Yo wez kalo gitu... kita ke makamnya Dita.... Kebetulan Bapak- dan Ibu dah mau ke sana

tadi. Kata Bapak sambil berdiri dan berjalan keluar. Aku mengikutinya dengan kotak kardus di

tanganku. Ibu dengan sapu tangan dan bunga warna-warni dalam keranjang kemudian

mengikuti kami. Tak lama berselang, kami tiba di pemakaman umum desa. Jaraknya hanya

beberapa blok dari tempat tinggal Dita, tak jauh memang.

Aku terperanjam kaget saat berada di depan nisan putih itu. Nandita Purnama Suyanti.

Deg..... Aku terpaku pada tempatku berdiri. Rasanya tubuhkan tidak mampu bergerak. Kotak

kardus itu terjatuh tanpa kusadari. Bayangan kabur mataku menghantui. Seakan waktu

berhenti, tepat di saat ini. Apa ini? Siapa yang berada di hadapanku sekarang? Tidak. Ini tidak

mungkin. Aku terjatuh di ujung tumpukan tanah berwarna merah. Ingin kuteriakkan

ketidakpercayaanku sekarang. Namun lidahku benar- benar kaku. Dimana harus kuberadu?
Dita tidak lagi di di sampingku. Aku tidak bisa menahan derai linang yang seharusnya kutahan.

Aku benar- benar tidak bisa menerima ini.

Dita, ini Riyan, Nduk.... Dia sudah datang buat lihat kamu, Nak.... jadi Ibu ndak usah

menyembunyikan ini lebih lama lagi. Kata ibu Dita terbata dengan linaang dari pelupuk

matanya yang tak jua berhenti.

Kamu betul- betul pergi Dita. Kamu betul betul membuat jarak yang jauh. Memang bukan

pada negara yang sama, atau bahkan dunia yang sama. Kamu terlalu jauh, Dita.... gumamku.

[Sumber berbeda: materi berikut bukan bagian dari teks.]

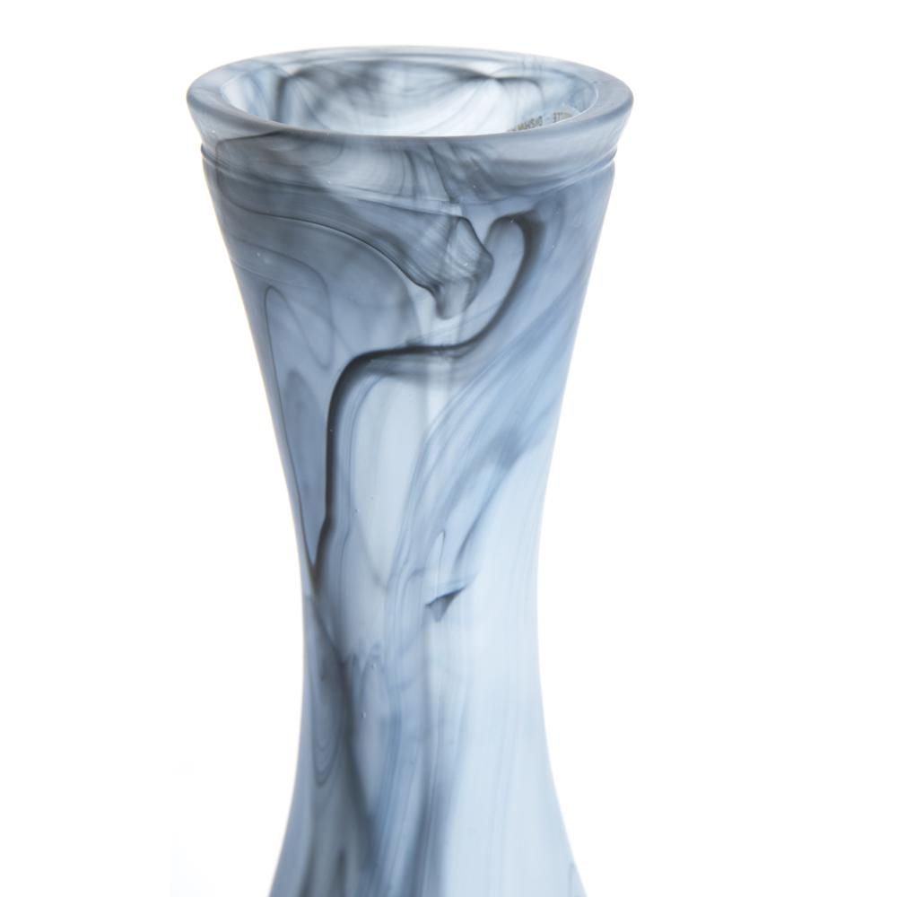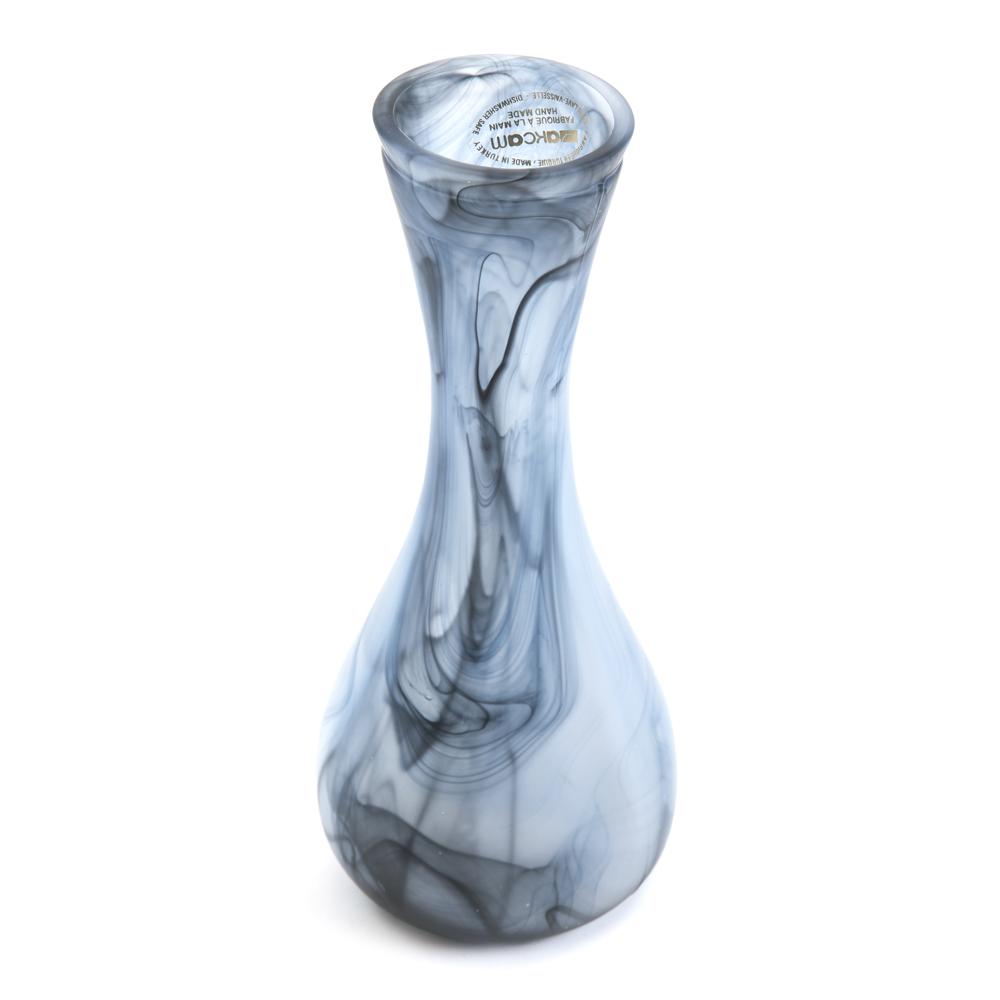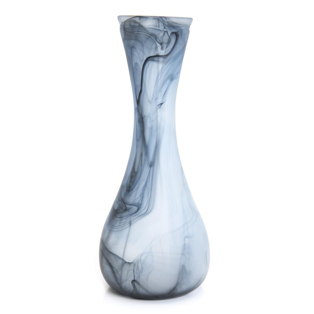 Details: Glass vase with black smoke-like detail. Dimensions: 9" H x 4" W 4" D

Aku menarik napas panjang. Batinku bergejolak. Hhhhh.... jelas kau akan berada di tempat yang

indah, Dit.... Tuhan terlalu bangga menjadikanmu sebagai salah satu bidadarinya di sana.

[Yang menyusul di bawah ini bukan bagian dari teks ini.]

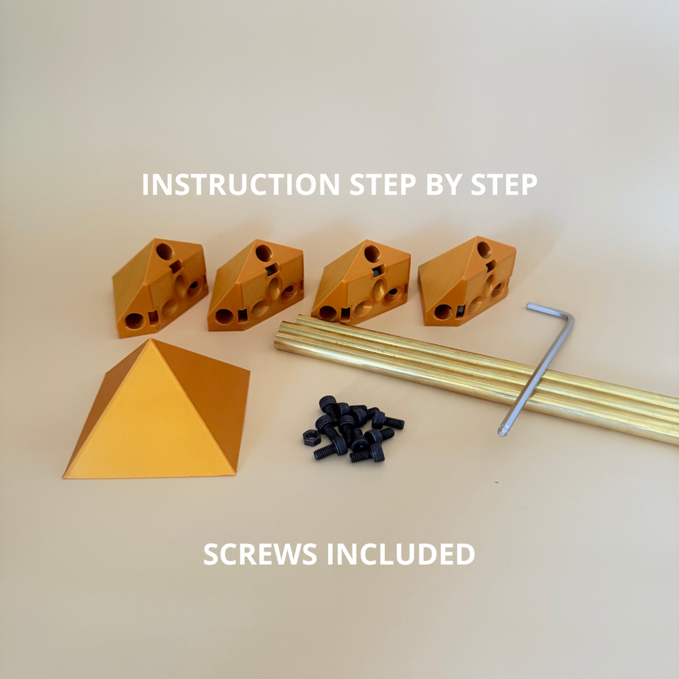 🌿 This pyramid connector kit with top tip is designed for easy and sturdy assembly of a Giza-inspired pyramid structure. Suitable for both indoor and outdoor use, the connectors fit tubes with an outer diameter of 6–20 mm.
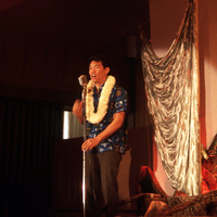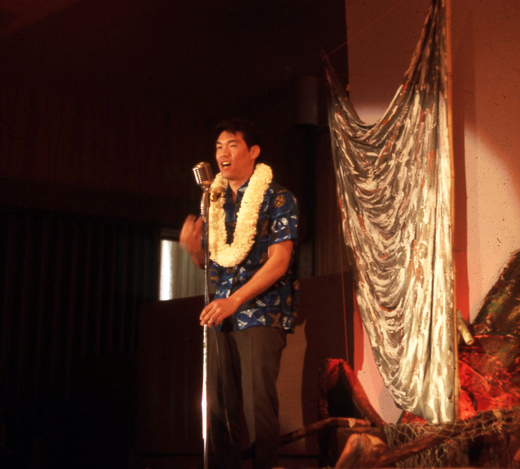 A man wearing a blue aloha shirt, speaking at a microphone on stage at Pacific University's annual Lu'au in 1968, possibly serving as an announcer for the performances.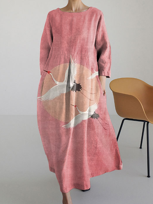Women's Retro Japanese Feihe Round Neck Long Sleeve Dress
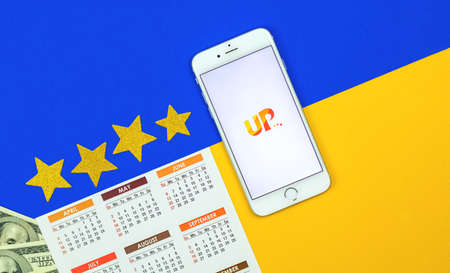 Kharkov, Ukraine - February 5, 2021: Skyup application on Apple smrtaphone, aircraft company service for air transportation, creative flat lay background and mockup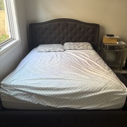 Grey Upholstered Bed Frame with Nailhead Detail- Queen Size$400Yorba Linda, CA

Aku datang, sekarang.... hanya untuk menunjukkan kepadamu, betapa banyak angsa kertas yang

telah kubuat dari pelajaranku bersamamu. Semuanya ku kembalikan padamu. Biarlah mereka

menjadi teman sang bidadari di tempat tertinggi dengan kepakan sayapnya.

Aku masih tidak bisa menerima,

Tapi aku tahu, kau akan tetap bersamaku, sekalipun itu merupakan waktu empat tahun setelah

saat itu.

....

Suara bedug subuhhari membuyarkan lamunan dan layangan memoriku sedari malam tadi.

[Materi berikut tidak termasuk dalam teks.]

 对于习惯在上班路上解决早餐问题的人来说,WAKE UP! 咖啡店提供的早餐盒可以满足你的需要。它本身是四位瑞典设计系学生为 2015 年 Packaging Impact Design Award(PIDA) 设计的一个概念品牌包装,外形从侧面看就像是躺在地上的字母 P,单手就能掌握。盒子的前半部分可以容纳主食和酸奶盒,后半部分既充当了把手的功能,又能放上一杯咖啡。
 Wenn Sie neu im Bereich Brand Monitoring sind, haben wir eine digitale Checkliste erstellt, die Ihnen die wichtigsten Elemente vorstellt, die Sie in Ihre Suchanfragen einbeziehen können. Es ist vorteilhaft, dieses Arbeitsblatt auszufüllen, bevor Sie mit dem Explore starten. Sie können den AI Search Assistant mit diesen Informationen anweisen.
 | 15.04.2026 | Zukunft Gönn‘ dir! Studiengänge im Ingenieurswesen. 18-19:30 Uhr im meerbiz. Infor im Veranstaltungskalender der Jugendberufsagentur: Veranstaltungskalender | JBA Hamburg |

Hhh... Sudah delapan tahun rupanya. Aku bingung, apakah ini terlalu cepat? Atau memang

waktu berjalan lambat di pikiranku. Namun satu hal yag takkan mungkin kubiarkan bergulir

bersama waktu. Aku jelas takkan pernah malu, karena kepergianmu sebagai pengidap aids. Dan

akan selalu begitu, aku takkan malu. Aku tidak pernah menyangka, begitu banyak aku telah

belajar dari kepergianmu.


Sekarang, kau dengar?

Sudah kuceritakan deretan cerita lain darimu.

Tutuplah telinga jika kau tak ingin mendengar apa yang mereka katakan.

Karena di sini,

di dalam hati ini, aku akan terus menjadi pendengar

karena aku telah terpatri menjadi murid yang terus belajar darimu...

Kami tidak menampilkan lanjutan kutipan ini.